### Brief
Because the images are not wanted, restate every line below word for word without them.

::::::

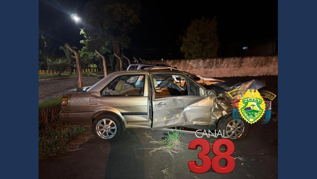 Na noite desta sexta-feira (7), um grave acidente foi registrado na PR-082, próximo ao km 345, em Jardim Alegre. De acordo com informações da Polícia Rodoviária Estadual, um veículo VW Santana, com placas de Lidianópolis, perdeu o controle, colidiu contra árvores no sentido contrário da pista e, em seguida, capotou.
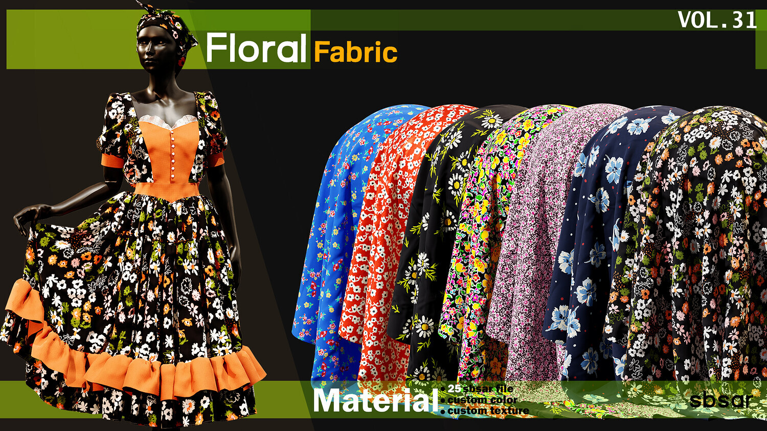 floral fabric Material -SBSAR -custom fabric -VOL 31
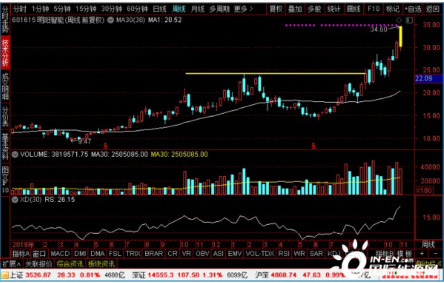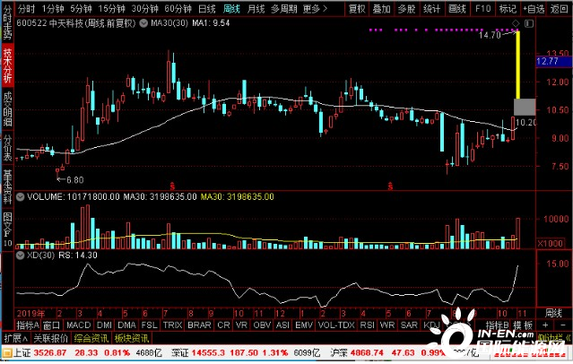 从目前来看,中天科技30周均线已经向上,价格也开始在均线上方运行,且创了近两年的新高,开始由之前的下坡期转为了爬坡期。
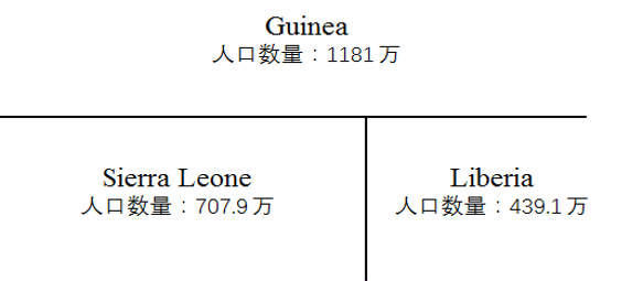在前期工作中,我们了解到在一个区域内,会因人口密度、人口数量不同,而导致感染水平不同。即在人口密度大的城市,感染水平会高于人口密度低的城市,人口密度在很大程度中影响疾病传播率。因此元胞自动机模拟埃博拉传染过程中,设定CA的每一个方格代表人口密度,并且每个方格所代表的人口密度相同。并根据三个国家的人口数量比例划分元胞空间,划分域如下。
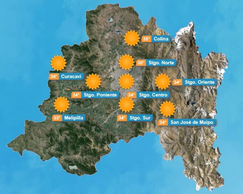 Y esta calurosa jornada alcanzó este martes su peak de temperatura. Según datos de la Dirección Meteorológica de Chile (DMC), en algunas zonas de Santiago, como Colina y Santiago Norte, el termómetro superó los 35°C (ver gráfica a continuación).
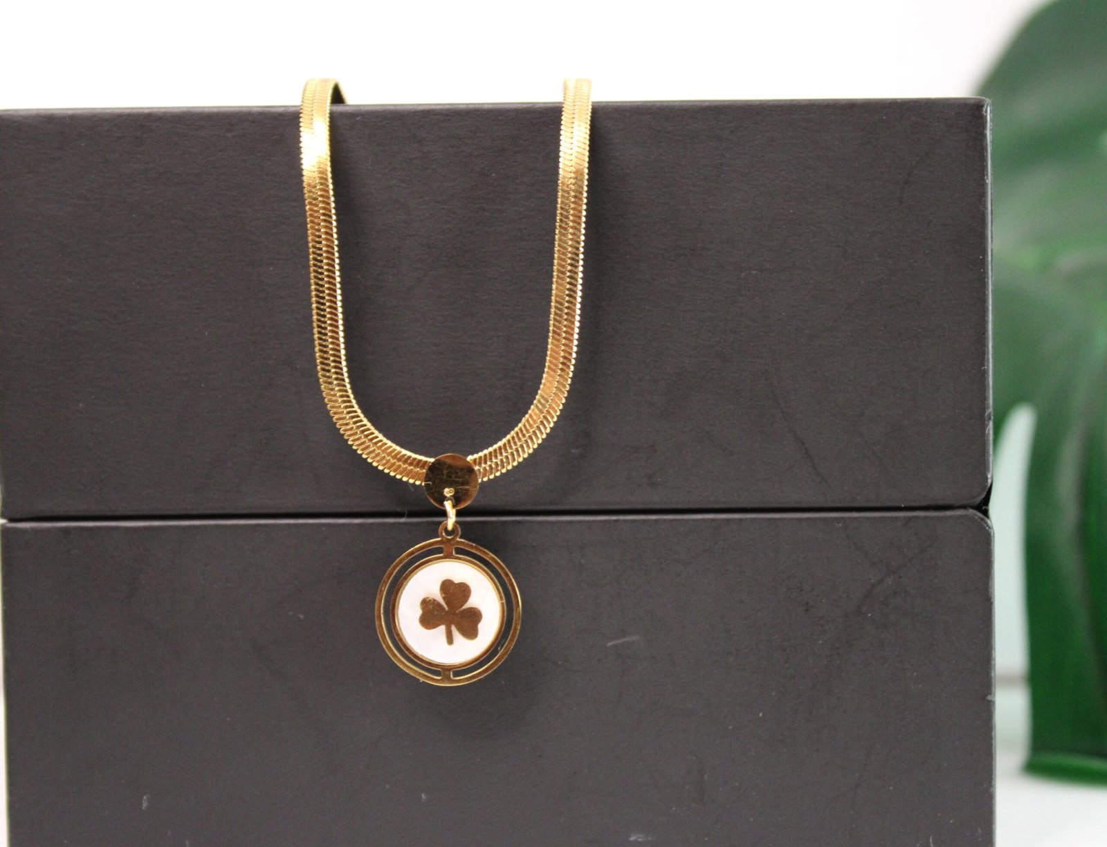 «Descubre nuestra cadena dorada de acero inoxidable con colgante de trébol. Un amuleto de la suerte elegante y resistente, ideal para regalar o brillar cada día.»

::::::

### Result of this task
 Na noite desta sexta-feira (7), um grave acidente foi registrado na PR-082, próximo ao km 345, em Jardim Alegre. De acordo com informações da Polícia Rodoviária Estadual, um veículo VW Santana, com placas de Lidianópolis, perdeu o controle, colidiu contra árvores no sentido contrário da pista e, em seguida, capotou.
 floral fabric Material -SBSAR -custom fabric -VOL 31
 从目前来看,中天科技30周均线已经向上,价格也开始在均线上方运行,且创了近两年的新高,开始由之前的下坡期转为了爬坡期。
在前期工作中,我们了解到在一个区域内,会因人口密度、人口数量不同,而导致感染水平不同。即在人口密度大的城市,感染水平会高于人口密度低的城市,人口密度在很大程度中影响疾病传播率。因此元胞自动机模拟埃博拉传染过程中,设定CA的每一个方格代表人口密度,并且每个方格所代表的人口密度相同。并根据三个国家的人口数量比例划分元胞空间,划分域如下。
 Y esta calurosa jornada alcanzó este martes su peak de temperatura. Según datos de la Dirección Meteorológica de Chile (DMC), en algunas zonas de Santiago, como Colina y Santiago Norte, el termómetro superó los 35°C (ver gráfica a continuación).
 «Descubre nuestra cadena dorada de acero inoxidable con colgante de trébol. Un amuleto de la suerte elegante y resistente, ideal para regalar o brillar cada día.»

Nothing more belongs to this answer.